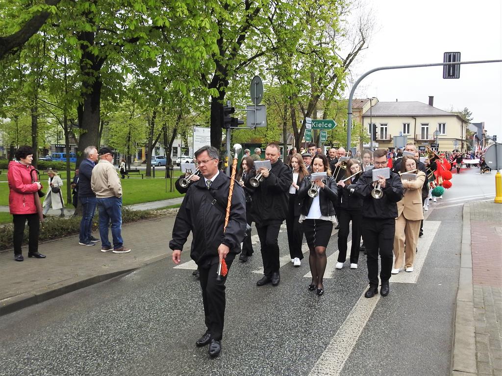 Po Mszy pochód wyruszył spod kościoła, przez Plac Zwycięstwa pod Willę „Polonia”. Grała orkiestra Buskiego Samorządowego Centrum Kultury, za nią szły mażoretki. Potem poczty sztandarowe, mieszkańcy, zaproszeni goście.
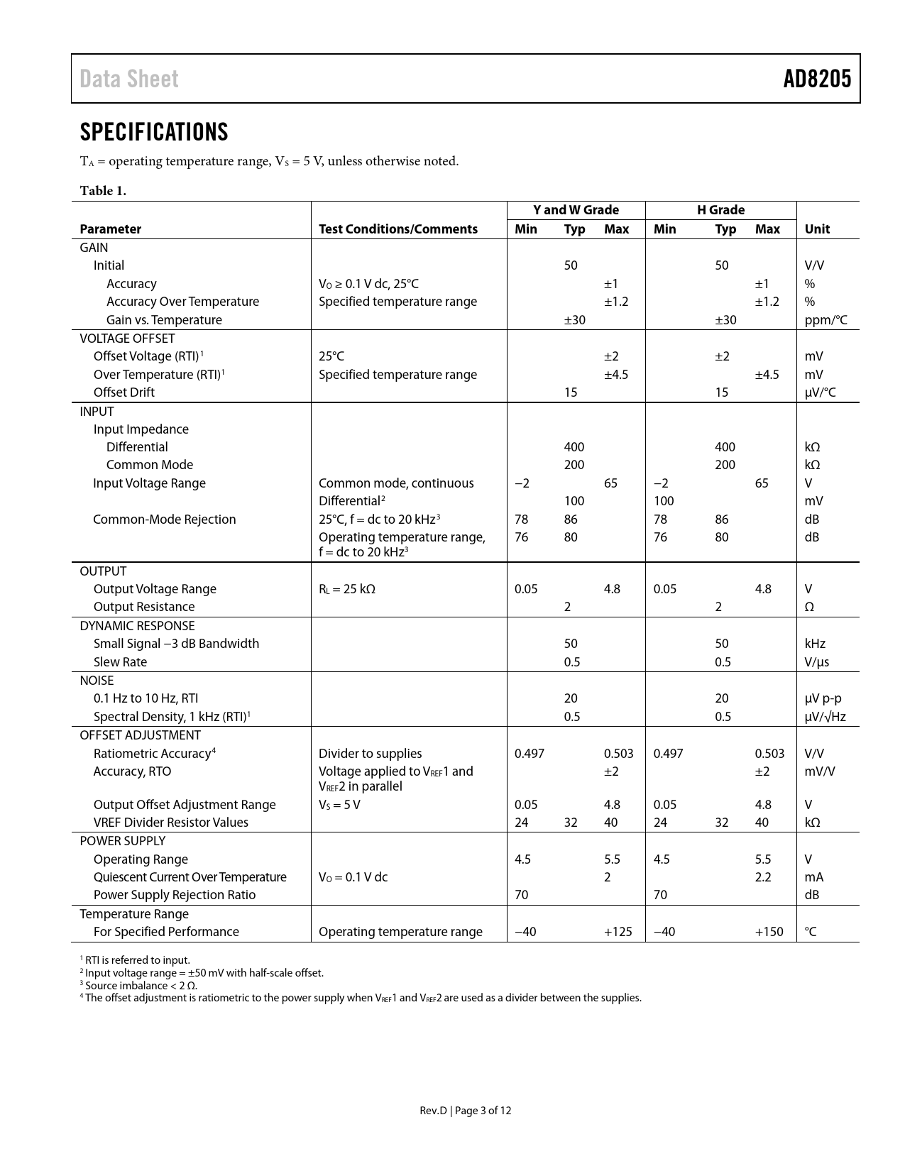 Data Sheet. AD8205. SPECIFICATIONS. Table 1. Y and W Grade. H Grade. Parameter. Test Conditions/Comments. Min. Typ. Max. Unit
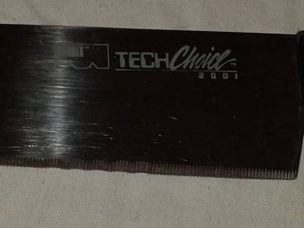 Used Tech Choice Knives Set = $10. Butcher Knife handle edge broken but still functional.
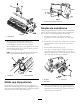 . Vrid den högra underknivsstångens justerskruv tills du känner ett lätt tryck (dvs. motstånd) i mellanlägget genom att dra det från sida till sida. Ta bort mellanlägget. 7. Rotera cylindern så att det närmaste knivbladet korsar underknivens egg mellan det första och andra skruvhuvudet på vänstra sidan av klippenheten. 8. Upprepa steg 4 till 6 för vänster sida av klippenheten och den vänstra underknivstångens justerskruv. 9.

......

_Activity_
Pictures stay out; output the lines from the top of the listing above through the line containing "Used Tech Choice", exactly as they stand.

_Exercise result_
 Po Mszy pochód wyruszył spod kościoła, przez Plac Zwycięstwa pod Willę „Polonia”. Grała orkiestra Buskiego Samorządowego Centrum Kultury, za nią szły mażoretki. Potem poczty sztandarowe, mieszkańcy, zaproszeni goście.
 Data Sheet. AD8205. SPECIFICATIONS. Table 1. Y and W Grade. H Grade. Parameter. Test Conditions/Comments. Min. Typ. Max. Unit
 Used Tech Choice Knives Set = $10. Butcher Knife handle edge broken but still functional.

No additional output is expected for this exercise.